TCP and IP are two network data protocols that help data arrive, and arrive correctly. For a very brief and certainly not 100% accurate explanation IP (Internet protocol) gets the data there, and TCP (transmission control protocol) makes sure the data that arrives is in the correct order so that it can be correctly interpreted.
Wireless networks generally have a higher bit error rate than wired networks and can cause what is known as packet loss. The more complex the wireless network is, the more likely packet loss will occur.
All of these concepts are just part of the large puzzle that is wireless networking, and all of them can be gone into in much more depth than is appropriate for this text box. Doing some research into TCP/IP will likely give you a much better understanding.
If a satellite link is somewhere in the picture, even bad wifi links come no where near the 550-600ms due to the satelite hop. So what if you add 10-50ms with some repeaters.
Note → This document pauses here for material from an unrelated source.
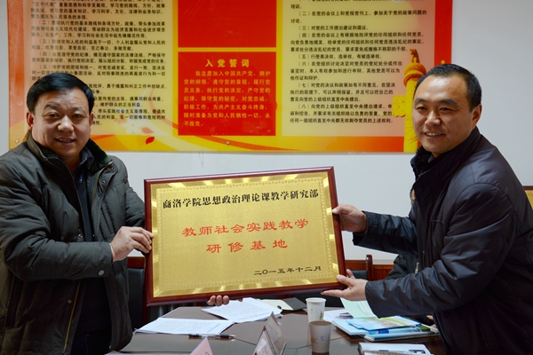 為了認真貫徹落實《商洛學(xué)院關(guān)于印發(fā)<商洛學(xué)院根植地方行動計劃實施辦法(試行)>》文件精神,切實實現(xiàn)教師進政府、進社區(qū)、進鄉(xiāng)村,不斷提高我校思政課教師深入基層、服務(wù)地方的能力,2016年1月6日,思想政治理論課教學(xué)研究部組織部分教師前往洛南縣陜南移民安置工作辦公室、洛南縣四皓中學(xué),舉行教師實踐研修基地掛牌儀式,積極開展校地合作。

I dont have much experience with low end "wifi" but stuff like mikrotik we can do 2-4 hops, each 8km and the latency stays 10-20ms with low load. But that is a good one. On our bad ones (alvarion old stuff) with several hops is can be 100ms over 16km when loaded. But i have seen people connect offices with wifi links and dont notice a difference browsing. You might have more jitter with VoIP.
equipment that uses frequency hopping as opposed to Direct Sequence has higher latency. I dont think FH is used much anymore.
If loads are high latency goes up.
Some DSL modems will work back to back, might be an option for you. wires are easier to troubleshoot in congested areas.